The lawyer sits down to my right, my daughter/niece to my left. She keeps her arm around my shoulders. The blond woman remains standing near the door, waves off a man when he gestures to an empty chair.
Where were you on February sixteen and seventeen?
I don’t remember.
My lawyer interrupts.
She has been asked this time and time again. She has answered to the best of her ability. As you are aware, Dr. White has dementia. She will not be able to answer many of your questions.
Understood. When was the last time you used your scalpel?
I don’t know. Some time ago.
You were an orthopedic surgeon, right?
That is correct. One of the best.
The man allows himself a smile.
And you specialized in hands?
Hand surgery, yes.
What do you make of these? He handed me some photographs. I study them.
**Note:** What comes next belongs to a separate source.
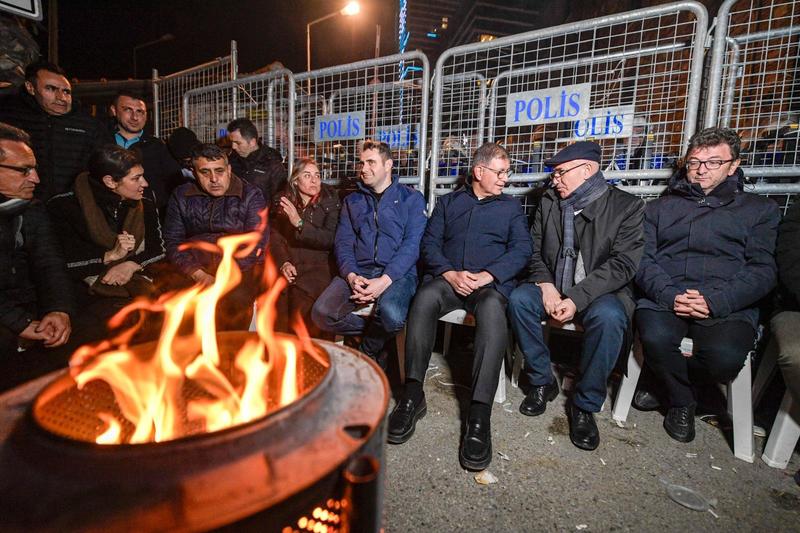 İzmir Büyükşehir Belediyesi’ne ait Meslek Fabrikası’na yönelik el koyma girişimine karşı başlatılan nöbet, perşembe gecesi de sürdü. Başkan Dr. Cemil Tugay öncülüğünde bir araya gelen yurttaşlar, türkülerle dayanışmayı büyüttü. CHP Şanlıurfa Milletvekili Mahmut Tanal da mücadeleye katıldı. Tanal, pense ile binayı çevreleyen polis barikatlarını birbirine bağlayan plastik kelepçeleri kesti.

An adult hand. Female. Medium-sized. The thumb is the only remaining digit. The others disarticulated at the joints between the metacarpal and proximal phalanges.
How would you characterize the cuts?
Clean. But not cauterized. Judging from the amount of coagulated blood, not performed according to protocol. But by all appearances, expertly executed.
What kind of knife would you say has been used?